Glitsky looked up in surprise. Ranger ran over to the tall, gangly boy of about fourteen, hands in his pockets, who had appeared in the hallway. Cary stood up. “Scott . . .” He turned. “Inspector, this is my oldest, Scott. He’s sorry that he was eavesdropping. Scott, Inspector . . . I’m sorry.”
“Glitsky.” On his feet, shaking the boy’s hand.
A good solid grip. The boy even made eye contact. “Nice to meet you, sir.”
Cary raised his voice. “You other kids back there, too?”
In a second, the two younger sisters were in the room. Both of them had been crying. Cary introduced them, too, Patricia and Carlene, then apologized to Glitsky again.
He waved it off and looked at the son. “So you were saying, Scott, that your Uncle Ted yelled at you on this phone call?”
“Yes, sir.
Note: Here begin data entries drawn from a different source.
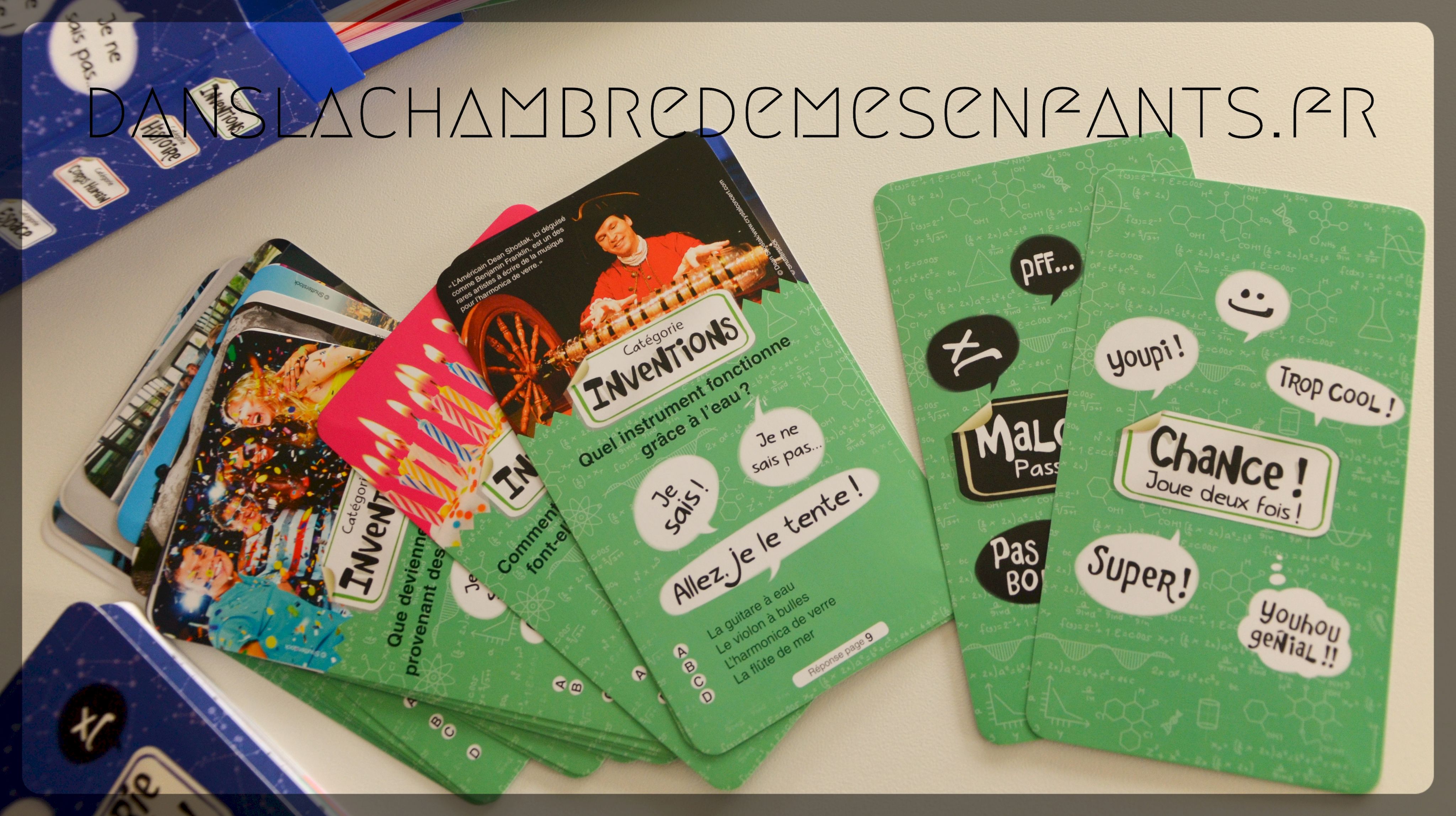 Il s’agit de fiches questions accompagnées d’un carnet avec les règles du jeu et les réponses développées. Le principe est de gagner des points en donnant les bonnes réponses soit en tentant sa chance dès que la question est posée (« Je sais ! ») soit, à moindre gain, à partir d’un choix multiple (« Allez, je le tente ! ») mais on a aussi le droit de renoncer (« Je ne sais pas »). L’enjeu est d’autant plus intéressant que, dans la première hypothèse, la personne qui questionne peut remporter des points en cas de mauvaise réponse. Des cartes « Chance » et « Malchance » viennent ajouter au côté ludique.
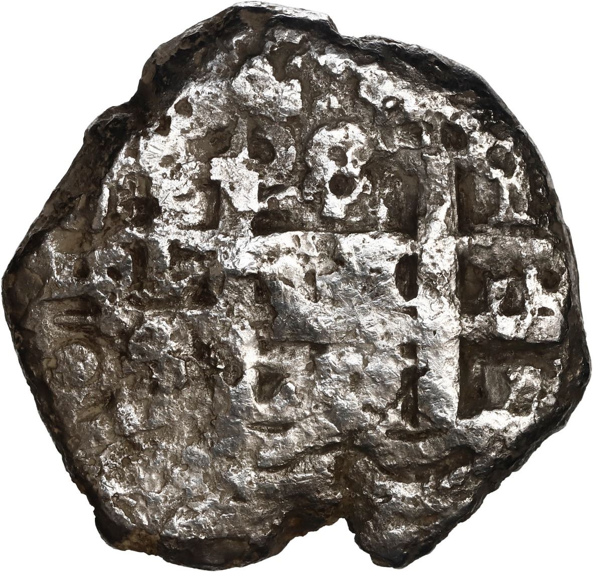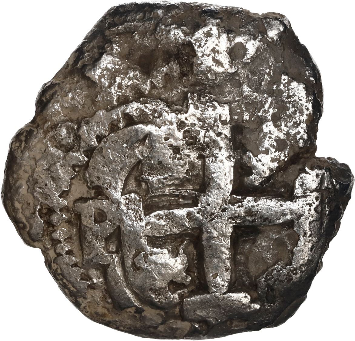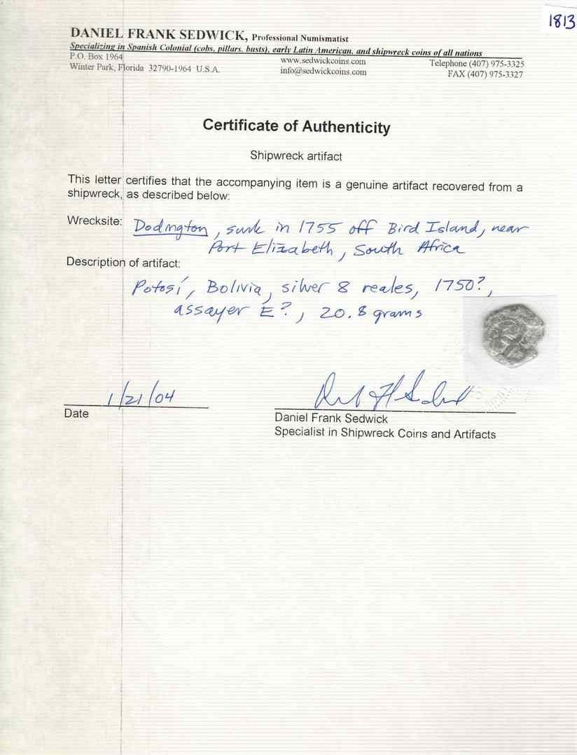 BOLIVIA, Potosí, cob 8 reales, 1750 E. S-P51; KM-40; Cal-515. 20.94 grams. Rough, somewhat corroded surfaces yet with a nice bold cross, pillars and date between a bit weak. With Sedwick photo-certificate from 2004. Recovered from: Dodington, sunk in 1755 off South Africa
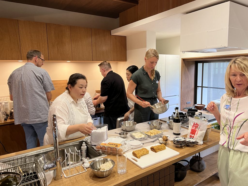Heute freuten wir uns auf ein gemeinsames Kochen mit Prof. Aiko Tanaka San in der Araitei Kochschule. Frau Tanaka San führte uns in die alte japanische Kultur und Lebensweise ihrer Vorfahren ein. Um den Moment des Teetrinkens zu genießen und Inne zu halten, galten im Teehaus Rituale, die sogar die Samurai einhalten mussten. Die Waffen wurden abgelegt und während der Teezeremonie waren alle gleich. Die Harmonie und Tradition dieses Hauses spürten sogar wir. Uns beeindruckte die anschauliche und mit Herzblut wiedergegebene Geschichte dieses Hauses, das umgeben war von einem harmonisch und traditionell angelegten japanischen Garten.
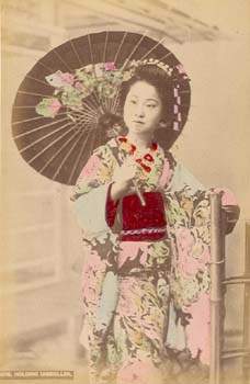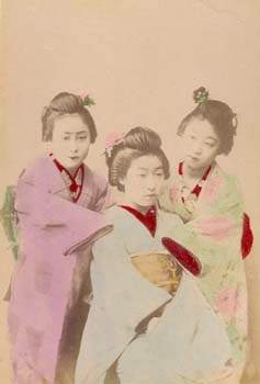 ![]() A Yokohama tourist trade photograph album which probably dates to the late 1890s. Lacquer over wood boards on the front and back containing 50 hand-colored albumen photographs. The covers measure 5 3/4 x 7 3/4 in (15 x 19.7 cm) while the individual photographs measure approximately 3 1/2 x 5 1/2 (9 x 13.6 cm). The front cover has a hand painted scene of a man and a woman with a lake and Mt Fuji in the background. The faces and hats of both the man and the woman are a white ivory (or ivory appearing) inlay. The back cover has a very subdued flower with and leaves pattern. The albumen photographs are tipped to thick card stock. Many have captions in the negative. The album is configured in accordion style. The first set of photographs open out in a continuous series from front to back. The second set of 25 photographs opens out from back to front (on the obverse of the mat with the first set. The first set of photographs is focused on scenes but not temples or shrines. There are many views of Yokohama, Nagasaki, Kyoto and the Inland Sea. The second set of photographs focuses on women. There is a "home bathing" scene in this set. The album carries no information as to the source/photographer or studio. Condition. The boards have light scratching, rubs, nicks and damage along the edge. They remain solid and have a satisfactory overall appearance. The accordion folds has been repaired in two spots with modern archival linen tape. The photographs are in Very Good condition with some fading and minor blemishes or faults. The first photograph in the second series has several surface abrasions. |
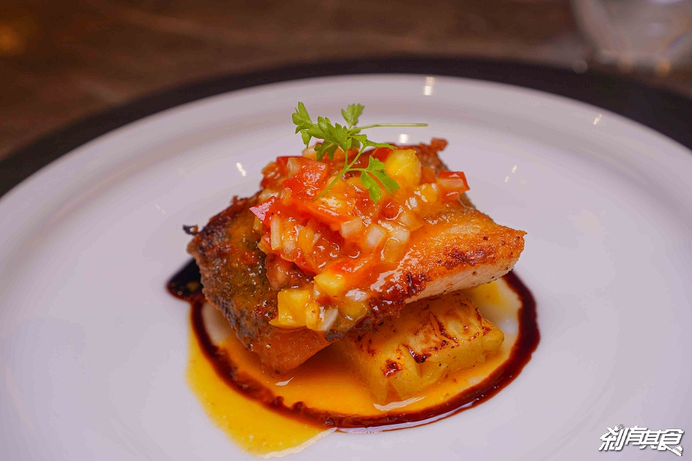 再來師傅用橄欖油香煎比目魚,外皮煎至金黃香酥,帶點焦香的酥脆感,口感帶有淡淡的鮮甜,再淋上芒果莎莎醬,吃起來酸酸甜甜,口感更有層次,底下還有一塊煎過的奶油鳳梨,更有夏季熱帶氣息。

I finally had to hang up on him.”
“What was he yelling about?”
Scott glanced at his father, got a nod and went ahead. “All the presents I got.”
“What about them?”
“Well, he asked what I’d got for Christmas and I started to tell him and go down the list, like, you know, and suddenly he’s all ‘Your mother’s got that kind of money?’ Really yelling at me. Like if Mom’s got all that money, she could send some to him instead of spoiling us . . .” He turned to his father. “You think it might have been him, Dad?”
“No, I don’t know. I can’t imagine . . .” Cary to Glitsky now: “That’s just the way he is. He thinks because we have a little money, we . . . He just doesn’t understand. But he’s really harmless, I think. Just a little crazy.”
“He’s a jerk,” the son said. “A total jerk.”
Cary’s face relaxed into something like a smile for the first time. “I can’t really argue with that. Even Elizabeth thought he was a pain in the ass. And she liked everybody.”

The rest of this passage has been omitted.